The Growth Minded Educator Contest is our way of capturing and sharing collective learning experiences, and recognizing the efforts that educators have put into instilling and cultivating a Growth Mindset in their students.

April 2013 Contest Results

GerryWassWe had some terrific entries to April's contest, and our winner is... Gerry Wass!

Congratulations to our winner, and thank you to all who participated! We received some fantastic submissions, and will reach out to some of you to discuss ways to share the other entries.

Below is the winning entry to the contest question: "There are many free Brainology resources on the Mindset Works webpage.  Which Free Resource have you used in your classroom? Share your results and/or students' work with the community!"

First of all, the overall effect has been to catapult me into believing that I can pull off a first-of-its-kind summer school class to last the entire summer, eight hours per week.  It's possibly the most ambitious thing I've ever done and it demonstrates that I am close to the outer limits of my own growth mindset now.

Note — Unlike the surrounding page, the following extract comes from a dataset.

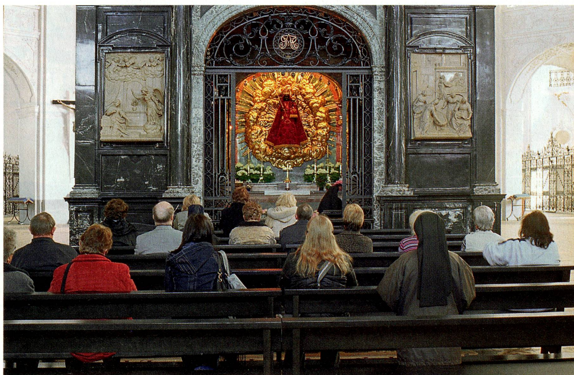
Destino de peregrinos: La virgen negra de la iglesia abacial

I have most used the Growth Mindset Framing tool to change my teacher talk and build everything around how learning a foreign language requires hard work, that the brain needs the difficulty of a challenge, so that I must challenge them.  After years of trying not to be too hard on timid students, I now understand that they must be challenged more, to be called out when they fail to do the work of participating, that there is no shame in making mistakes, and so on.  I have a feeling that I am actually on my way to challenging at least a little a fundamental premise of progressive language learning, the Comprehensible Input principle that says everything must be explained to make sure that we don't raise the "affective filter."  I think that may make us challenge students too little.

I am now designing a way to use the Effective Effort Rubric to let students figure out for themselves where they are on the spectrum, after having had them take the test which explicitly pinpoints their mindset and feeling that it generated a negative reaction that took time to work past. I don't want them to see an exact score but rather to privately assess their own general position in tandem with the opportunities given on the same line.  I'm inclined to use this rubric as my primary tool because it gives them more freedom to assess themselves gently.

I have placed the Class Motto tool into my curriculum for this summer Service Learning class to help them set goals.  I think this works well with a Kaizen process, a tool we have successfully used in Service Learning classes before, and I'm excited about learning to use this so it feeds back to my regular class teaching.

About Gerry Wass

Gerry teaches introductory Latin, French and German to sixth graders, Italian to seventh graders and Spanish to 8-12th grades in a multi-level classroom that includes levels 1-4 and native speakers, at Purdy R-II schools in southwest Missouri.  He also teaches a Service Learning class that concentrates on recycling and gardening.  He is advisor to the Spanish Club which operates the Purdy Recycling Project, the only school-based, industrial recycling program in the nation that is now in its 7th year, having recycled over 630,000 pounds of material.  He and his wife also have a small farm on which they practice  intensive rotational grazing.  Gerry is a singer/songwriter among many other interests. Gerry says: "Finding Mindset has greatly intensified my sense of fulfillment and success."